But what are those beliefs based on? What is ‘the truth’ that, in turn, these beliefs are based on and how was it arrived at? And why is the world so bitterly divided, anyway?
Research, Simplified
If you start thinking about it and doing a little bit of research, it’s a small step to realising that the question of ‘what is truth’ has long been asked. Delving into all that knowledge and opinion is time-consuming. It reveals any number of different angles to it, arrived at for different reasons.
Here we go then, with a simplified summary of what I’ve found (with the necessary cautions about broad brush strokes), to spare you an awful lot of time:
- centuries ago (in the West at least), even the god-fearing people of that era came to believe that a fundamental role of humans is to rationally discover ‘truth’. Which, it was thought, exists as a thing in its own right.

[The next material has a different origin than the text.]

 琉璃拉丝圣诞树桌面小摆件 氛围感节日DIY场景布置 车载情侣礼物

- With that development, the old sources of truth – i.e. the monarchy and the church – were replaced with ‘rational thought’.

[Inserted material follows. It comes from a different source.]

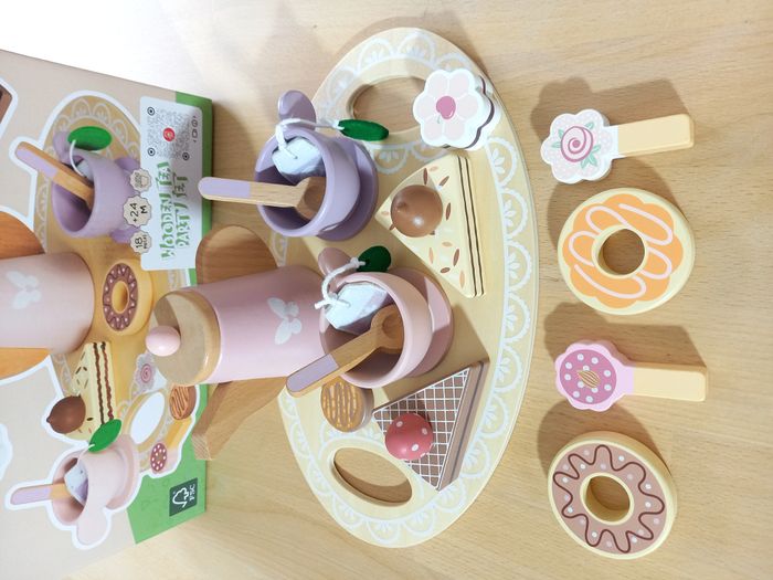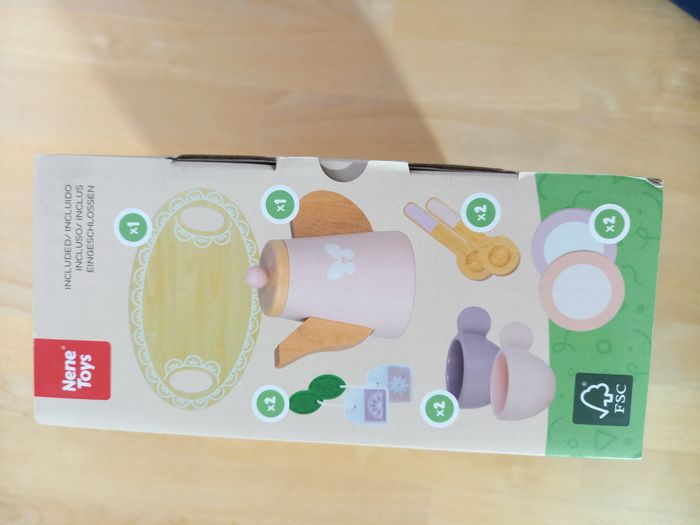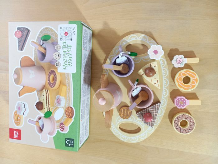 Adorables fruits en bois aimantés, à couper, vendu dans son emballage d'origine. Jeu JAMAIS utilisé 🏷 Autres jouets d'inspiration Montessori disponibles! ✨ Etat: Jamais utilisé, sorti de l'emballage uniquement pour prendre les photos ✨​ Style: Jeu d'imitation ✨​ Thème: Coordination main-œil / motricité fine / imagination ✨​ Age: Dès 3 ans 📏​ Dimension de l'emballage: 30 x 18 x 8,5 cm (H) Il se compose de: 1 théière 1 plateau 2 tasses à café 2 soucoupes 2 cuillères 2 sachets de thé des douceurs: 2 donuts, 2 parts de gâteau, 2 biscuits, 2 sucettes, pour inventer des histoires à l’infini. ⚠️ Il ne s'agit pas de la marque Montessori mais d'un jeu s'inspirant de cette pédagogie. ❓ Spécificités: En bois 🌳 Pièces faciles à manipuler 🃏 Jeu inspiration Montessori 🧵 Allez regarder mon dressing, nombreux jeux de société et jouets pour enfants disponibles ou en cours de publication. Abonnez-vous :)

- The new belief was that this rational thought would guide us all. But, of course, you need people to supply rational thought – to inform the decisions being made by leaders. (Leaders in all fields of life, but this is to focus primarily on government leaders.) And lo! The era of the expert began – and we’re still in it.
- The new belief was that this rational thought would guide us all. But, of course, you need people to supply rational thought – to inform the decisions being made by leaders. (Leaders in all fields of life, but this is to focus primarily on government leaders.) And lo! The era of the expert began – and we’re still in it.

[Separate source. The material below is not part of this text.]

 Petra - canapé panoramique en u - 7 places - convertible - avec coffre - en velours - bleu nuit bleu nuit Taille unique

- And as time has gone by, from then up until now, more tools have become available that experts can use to guide their rational thought. Extensive written records, easy international communication, scientific discovery, research that is thoroughly and dispassionately reviewed, calculation and so on.
- But expert rational thought is produced by humans. And humans have limits. There’s only so much any person can take on board – and thus you get narrower-and-narrower specialisms. And what happens if the experts themselves disagree? And what happens if what experts say doesn’t seem to agree with the practical, lived experience of the people ‘on the ground’? And who interprets and decides between all this often conflicting information? Who is in charge, so they can make decisions?
The result of all these issues, today, (in the west at least) is what we broadly call elected democracy. We have leaders and they gather in (hopefully rational) expert views and the results of research into what people do and say and feel (and so on and so on) and they make decisions. They arrive at not ‘THE truth’ but ‘A truth’. They lead on the basis of this ‘synthesised truth’, a truth they think is likely to produce the best course of action, for whoever they understand as the people in society that they need to please.
That gives us a fluid notion of truth that’s not what we naturally default to. But, on reflection, it seems reasonable. Allowing for the existence of versions of truth rather than one truth allows for the truth to reflect both developments and increasing knowledge as a result of experience, research etc. It also allows for uncertainties. And a sensibly synthesised truth which is a workable ‘compromise-truth’ can ensure the people in a society are led well.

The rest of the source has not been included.